Like Socrates, the wise man knows only that he knows not, and Gilbert allows us to follow him along in his path across the farming scene, and lets us watch him make mistakes, celebrate successes, and confront the long learning curve of life and death that attends upon even the canniest farmer.  He shows us himself in his most soul-searching, depressed, angry, and perhaps even unjust moments, a man willing to learn and seeking answers. He asks at one point, “Was I really just starting to see, so late, that having strong feelings didn’t make me special?  That they certainly didn’t make me good?”  Again and again, he evaluates himself (even to his genetic inheritance of a weak back) against his father’s plans, disabilities, desires, and accomplishments, and those of other farmers he knows.  He describes his struggle to fit into an agrarian community that has its own traditions, suspicions, and ways of doing things, the most innocuous of which perhaps is what he calls “Appalachian Zen”: his friend and employee Sam’s advice to get to work, “Let’s do something even if it is wrong.”  And of his imitation of his father, he finally concludes, after a visionary dream which comes to him near the end of his farming venture, “I’ve never seen that while I tried to emulate him, I also tried to outdo him.”

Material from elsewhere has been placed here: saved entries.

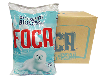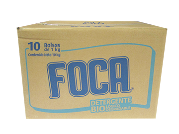 DETERGENTE EN POLVO, MARCA FOCA, CAJA CON 10 PIEZAS DE 1 KG.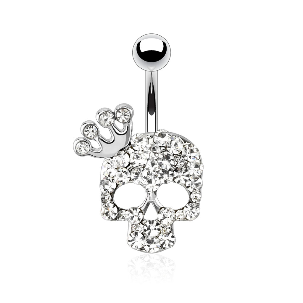 O barbell pentru piercingul ombilical foarte drăguță cu un craniu bătut în pietre care strălucește asemenea unui pumn de diamante. Mulțimea de pietricele transparente sunt așezate foarte apropiat unele lângă altele, astfel încât umplu întreaga suprafață a craniului, bineînțeles, în afară de cele trei găuri care sunt locurile ochilor și nasului. Locul ochilor este marcat ca două orbite mari goale, în timp ce nasul este marcat ca un mic triunghi chiar în mijloc și ușor sub cei doi ochi rotunzi.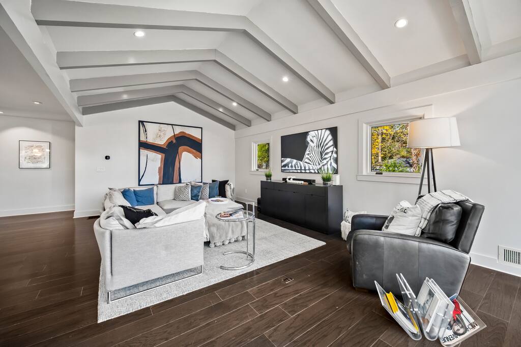 KickWelcome to The Lakehouse - ATL! Escape to Atlanta’s most exclusive hidden gem. Tucked away in a serene private community within the City of Atlanta, this luxurious gated 5,500 sq ft estate offers unparalleled privacy and sophistication, yet is just minutes from all of Atlanta’s main attractions. Overlooking a pristine, private lake, the property feels worlds away from the bustle of downtown, evoking the tranquility of a remote mountain retreat. back and relax in this calm, stylish space.

His farming wisdom and advice?  As he says, “Many of my breeding-stock customers had [a] broader perspective from the beginning.  They didn’t aim to make money.  They came to farming seeking aesthetic pleasure and solace from an angry world.  And a word had arisen to honor food produced with less control but more craft:  artisanal.  The goal wasn’t high production per acre, but food infused with love and time.  Like art….For the highest quality, nothing beats small, slow, and inefficient.”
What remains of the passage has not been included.